• Ei tuloksia

5. Discussion

5.5. Conclusions and suggestions for future work on the model

The model did not succeed in predicting the absolute amounts trout parrs and smolts. This was probably caused by some of the model assumptions and the relatively small dataset available. The effect of small the dataset is very evident when comparing the posterior distributions of model parameters used for River Ingarskila, with those of River Pirita.

A more realistic way to include electrofishing data might have increased the model’s fit to data. An alternative way for this could have been to model the data gathered from different sampling stations separately in a hierarchical model similar to the model proposed by Mäntyniemi et al. (2005b), with unequal catchability estimates.

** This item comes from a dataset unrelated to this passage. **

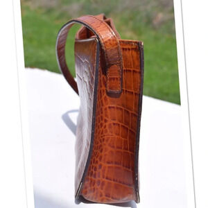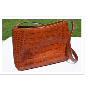 Genuine leather. Croc embossed. Cognac color. Silver tone hardware.

Based on the good prediction of the age-distribution the River Pirita data were large enough for the model to learn the parameters controlling the smoltification model. This combined with the results of previously published observations’ analysis gives encouraging evidence that the novel idea presented here for modeling partial anadromy in Salmo trutta has potential for further uses. The model’s application to other species with partial anadromy, such as the rainbow trout

(Onchorynchus mykiss) and arctic char (Salvelinus alpinus) should also be studied in the future.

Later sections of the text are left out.